REQUIRED ACTION: Your answer should consist only of the lines below from the one with "VR JB flips" through the one with "Тип 2, вариант", copied exactly.

DATA:
"""

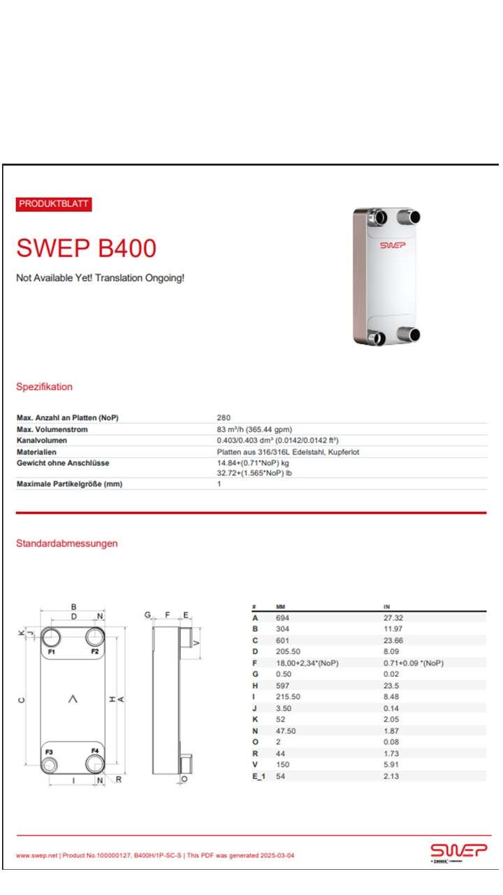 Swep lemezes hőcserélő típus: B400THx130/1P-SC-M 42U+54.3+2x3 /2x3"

"""
"""

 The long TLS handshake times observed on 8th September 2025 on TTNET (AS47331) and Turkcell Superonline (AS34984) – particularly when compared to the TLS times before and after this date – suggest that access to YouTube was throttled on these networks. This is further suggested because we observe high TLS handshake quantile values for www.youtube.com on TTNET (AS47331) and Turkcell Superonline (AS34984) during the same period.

"""
"""

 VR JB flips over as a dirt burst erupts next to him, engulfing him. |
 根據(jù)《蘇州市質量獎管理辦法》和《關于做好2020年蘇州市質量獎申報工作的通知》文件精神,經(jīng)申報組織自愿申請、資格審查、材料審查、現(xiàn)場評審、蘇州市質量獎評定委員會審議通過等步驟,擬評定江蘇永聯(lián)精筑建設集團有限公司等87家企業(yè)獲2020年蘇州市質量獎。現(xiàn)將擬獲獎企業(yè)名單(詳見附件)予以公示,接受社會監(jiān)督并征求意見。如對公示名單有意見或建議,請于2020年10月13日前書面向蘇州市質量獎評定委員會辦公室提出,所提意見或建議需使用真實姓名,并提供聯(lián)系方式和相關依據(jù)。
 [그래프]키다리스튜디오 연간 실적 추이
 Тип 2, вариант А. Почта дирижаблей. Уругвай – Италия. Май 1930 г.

"""

FINISHED TASK:
 VR JB flips over as a dirt burst erupts next to him, engulfing him. |
 根據(jù)《蘇州市質量獎管理辦法》和《關于做好2020年蘇州市質量獎申報工作的通知》文件精神,經(jīng)申報組織自愿申請、資格審查、材料審查、現(xiàn)場評審、蘇州市質量獎評定委員會審議通過等步驟,擬評定江蘇永聯(lián)精筑建設集團有限公司等87家企業(yè)獲2020年蘇州市質量獎。現(xiàn)將擬獲獎企業(yè)名單(詳見附件)予以公示,接受社會監(jiān)督并征求意見。如對公示名單有意見或建議,請于2020年10月13日前書面向蘇州市質量獎評定委員會辦公室提出,所提意見或建議需使用真實姓名,并提供聯(lián)系方式和相關依據(jù)。
 [그래프]키다리스튜디오 연간 실적 추이
 Тип 2, вариант А. Почта дирижаблей. Уругвай – Италия. Май 1930 г.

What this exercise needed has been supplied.